Хочется, однако не получается
— And how… (И как…)
— Let’s talk about something interesting, (Давай поговорим о чем-то интересном,) — резко меняет тему Валленберг.
В конце концов, опоить человека неведомой хренью ужасно скучно, абсолютно не вдохновляет на долгие обсуждения.
— It is already very interesting, (Уже очень интересно,) — безрезультатно стараюсь проглотить ком в горле и совладать с подступающей истерикой.
— But not as interesting as an invitation to a mysterious island or playing a baroness character, (Но не настолько интересно, как приглашение на таинственный остров или игра в баронессу,) — следует мастерский удар под дых.
— I don’t understand, (Не понимаю,) — единственное, что удается вымолвить вслух.
Действительно понятия не имею, откуда ему все известно.
— You are sharp enough to understand, (Ты достаточно сообразительна, чтобы понять,) — он мягко улыбается и окончательно добивает жертву: — Miss Podolskaya. (Мисс Подольская.)
Сердце дает перебой, кожа покрывается инеем, а желудок исполняет серию смертельно опасных акробатических трюков.
— You’ve made a mistake, (Вы ошиблись,) — намерена отпираться до финального свистка, сухо поправляю: — Badovskaya. (Бадовская.)
Мои пальцы невольно сжимаются в кулак.
— Let it be if you are used to this lie so much, (Пусть так, если ты столь сильно прикипела к подобной лжи,) — снисходительно соглашается миллиардер и прибавляет: — I don’t care about names.

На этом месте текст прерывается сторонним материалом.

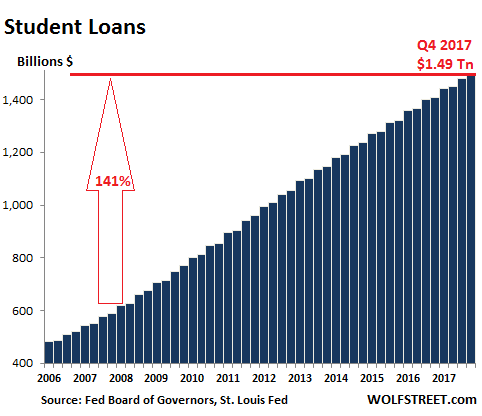 Le problème avec la dette est qu’elle ne disparaît pas par magie. Lorsque le débiteur ne parvient pas à rembourser, il y a fatalement un créditeur qui doit encaisser une perte. Certains crédits auto et sommes empruntées par carte de crédit restent sur le bilan des prêteurs, tandis que d’autres ont été titrisés et vendus à des investisseurs. En revanche, les prêts étudiants sont presque tous garantis par les contribuables, ou directement financés par le gouvernement. (…) »
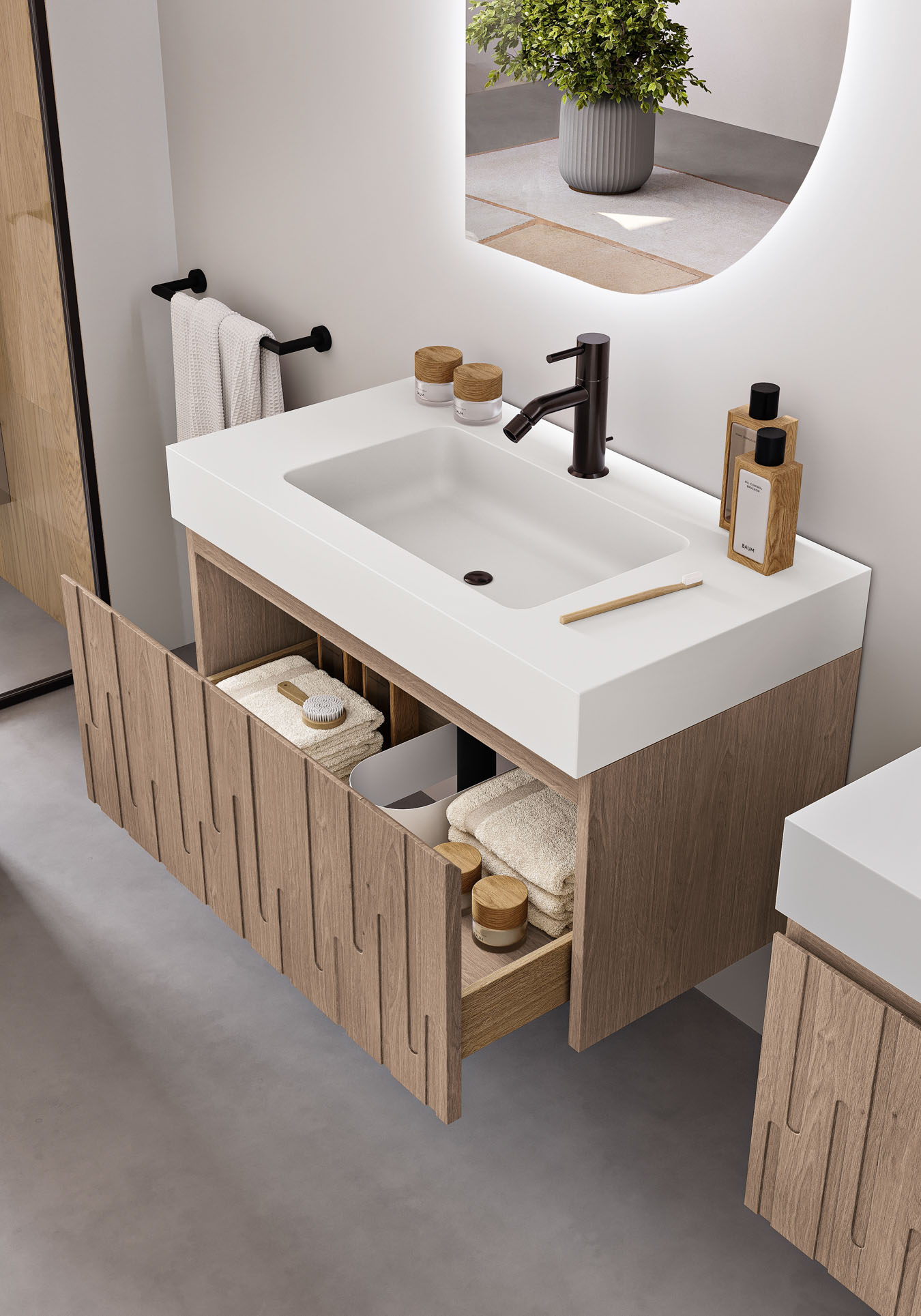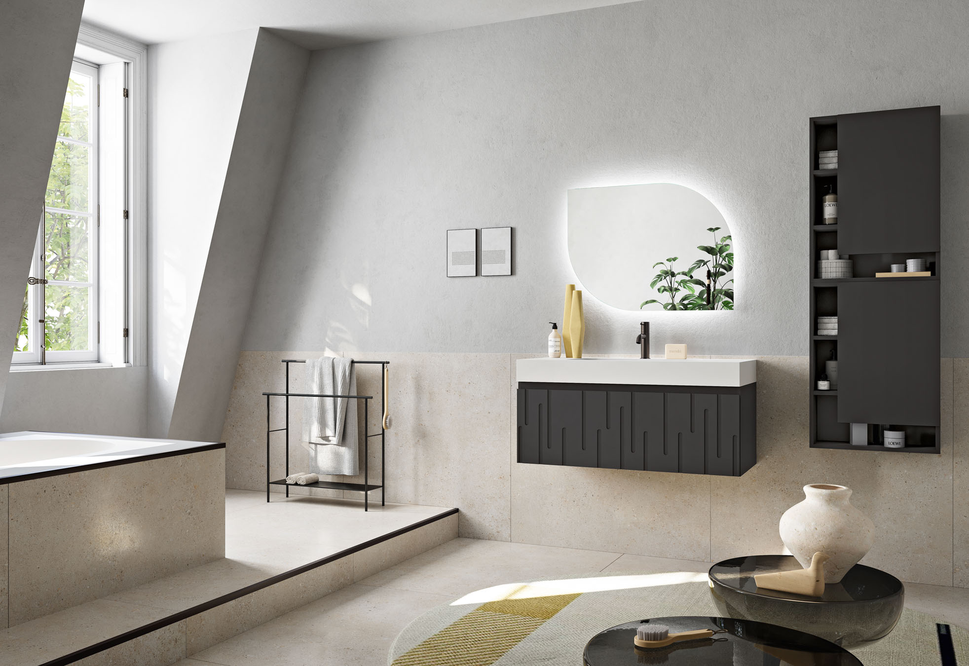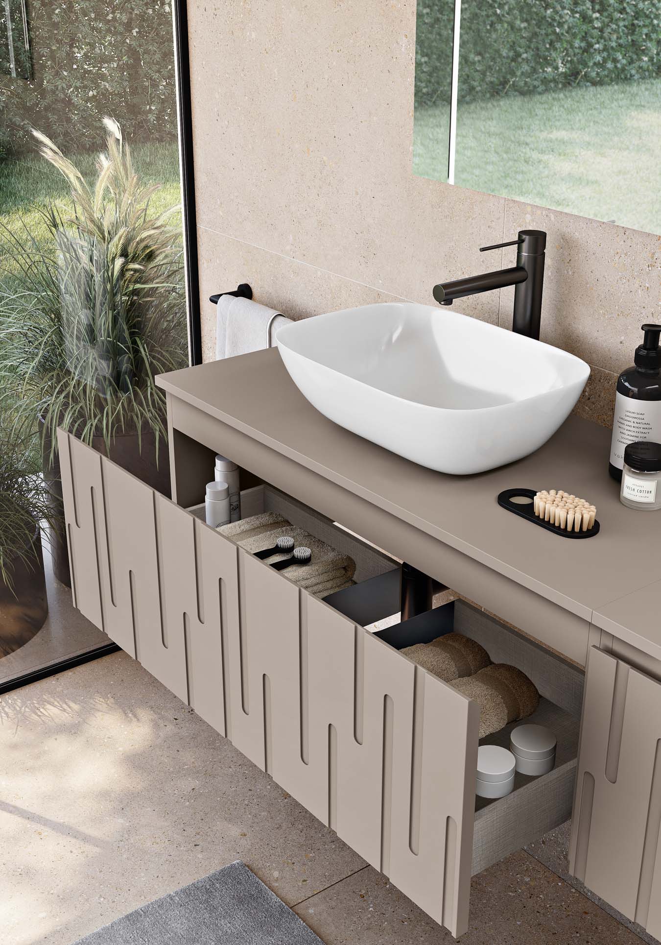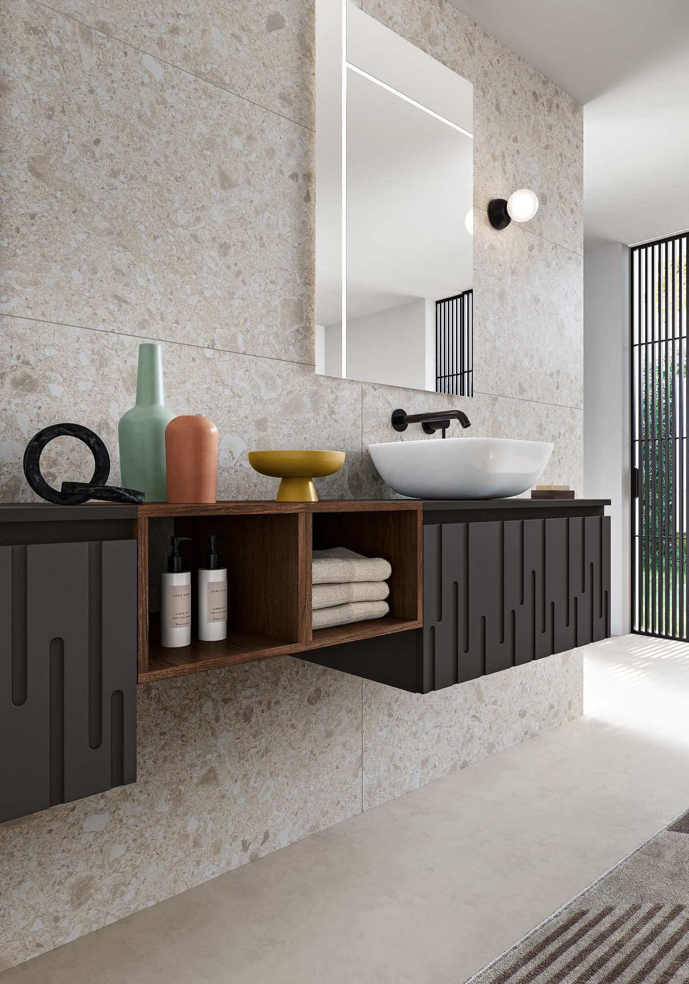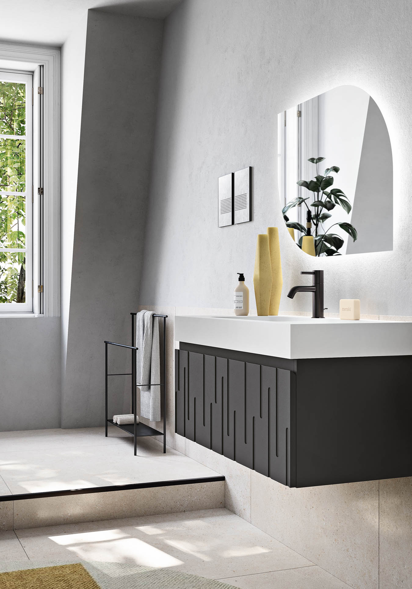 Palmas porta nel bagno un nuovo linguaggio estetico: incisioni verticali che evocano stalattiti e stalagmiti decorano i frontali delle basi, mentre nella colonna si trasformano in segni orizzontali, dando vita a un gioco grafico sorprendente. La collezione sospesa, con maniglia a gola, è realizzata in nobilitato e propone basi da 80 e 100 cm, disponibili in cinque varianti di colore - tre laccati e due effetto legno - per creare contrasti eleganti e dinamici. Il modello si completa con il cubotto Four e il pensile Smile, per dare vita a composizioni dal design unico, capaci di trasformare il bagno in un ambiente elegante e personale.
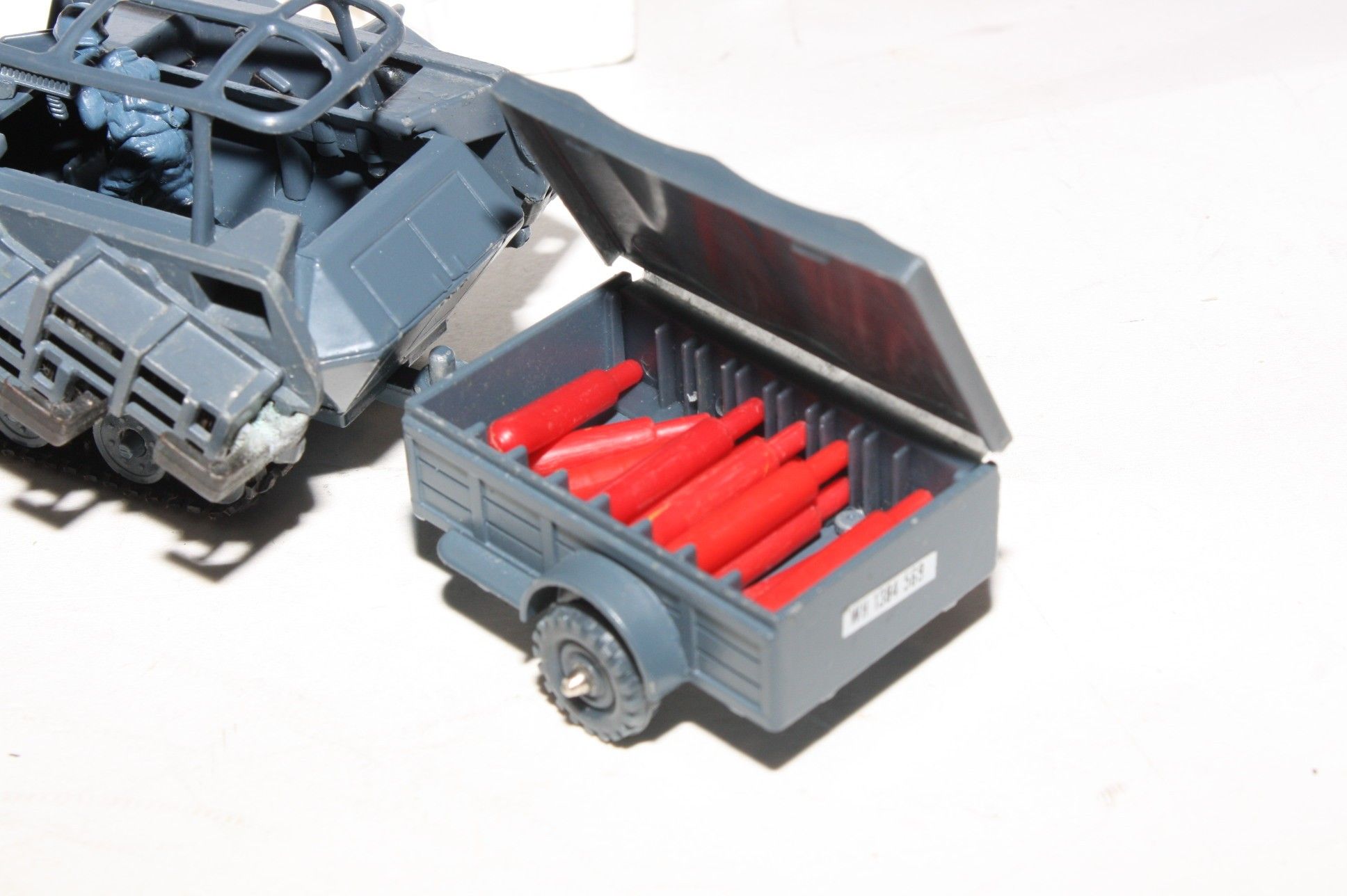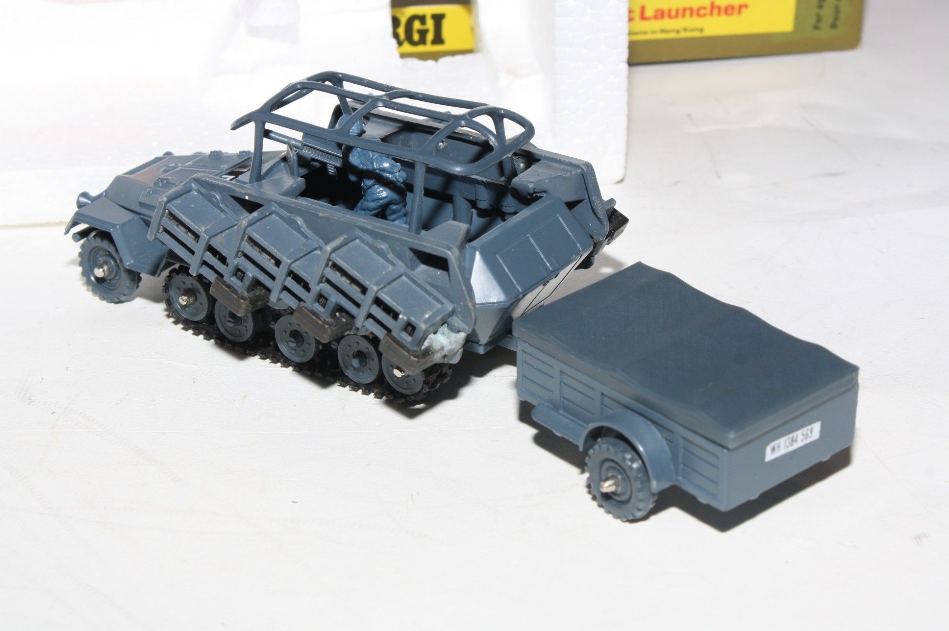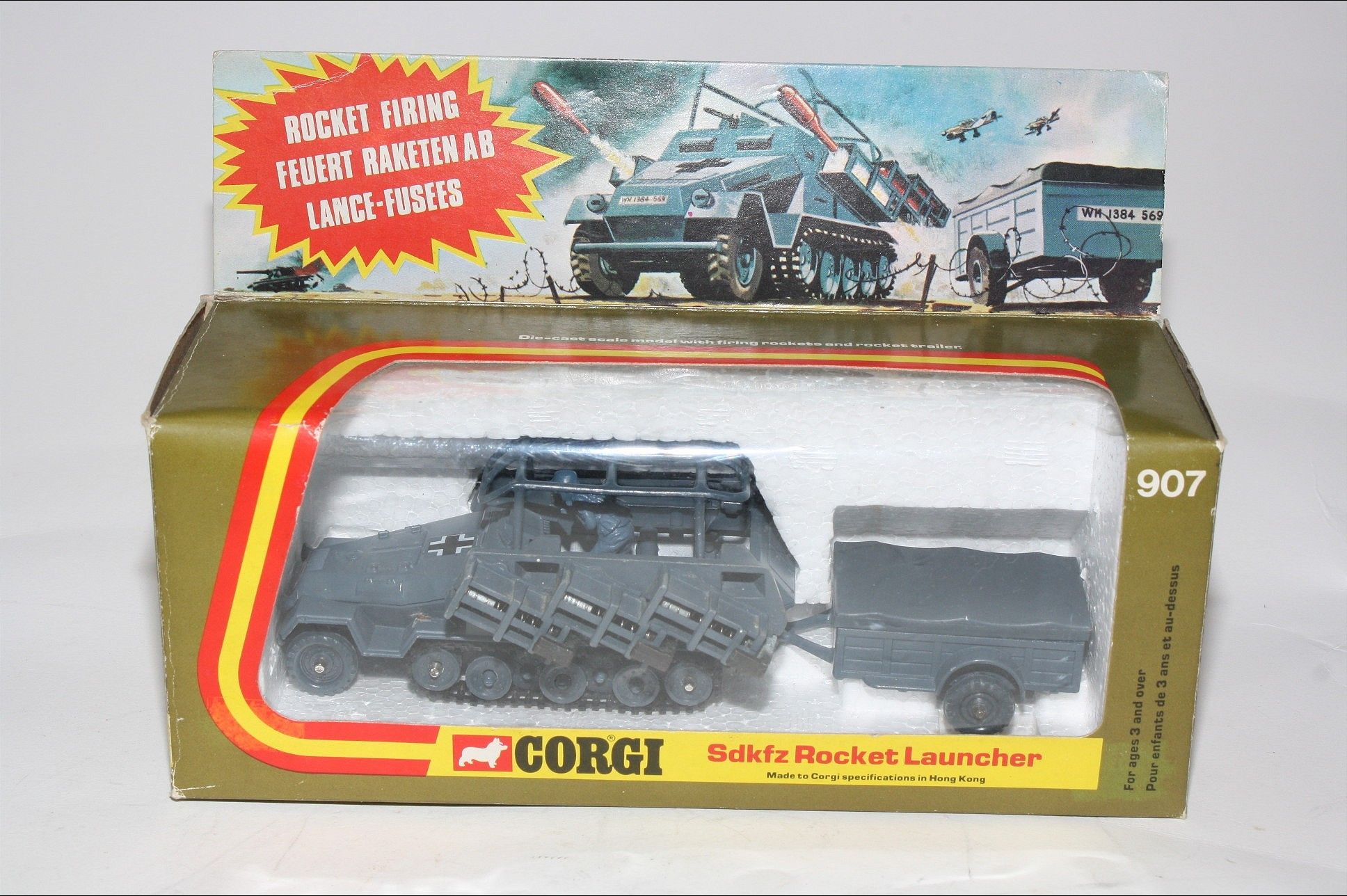 A superb example of this Hong Kong made Corgi military model. Paintwork is very good but some small areas of corrosion and rubs/nicks. Please study the photos for exact condition. All wheels and tracks fine, German soldier figure present , perfect firing mechanisms with all 12 original rockets in limber with lid. Decals mint as is undersides.

I pay attention to people who wears them. (Я не придаю значения именам. Я обращаю внимание на людей, которые их носят.)
— Should I relax after such a confession? (Надо расслабиться после такого признания?) — нервно усмехаюсь.
— Morton asked about your parents, (Мортон спрашивал о твоих родителях,) — не вопрос, безапелляционная констатация факта.
Спонтанно взрываюсь очередной догадкой:
— How do you… you’ve told him! (Откуда вы… вы сказали ему!)
— No, (Нет,) — твердо произносит Валленберг.
— It is difficult to trust a person who ties your hands, (Трудно доверять человеку, который связывает твои руки,) — отвечаю с горечью.
— I have no reason to lie. (У меня нет причины лгать.)
Лед в голубых глазах тает, позволяет заглянуть под непроницаемую маску.
— I like you and I am honest with you. (Ты мне нравишься, и я честен с тобой.)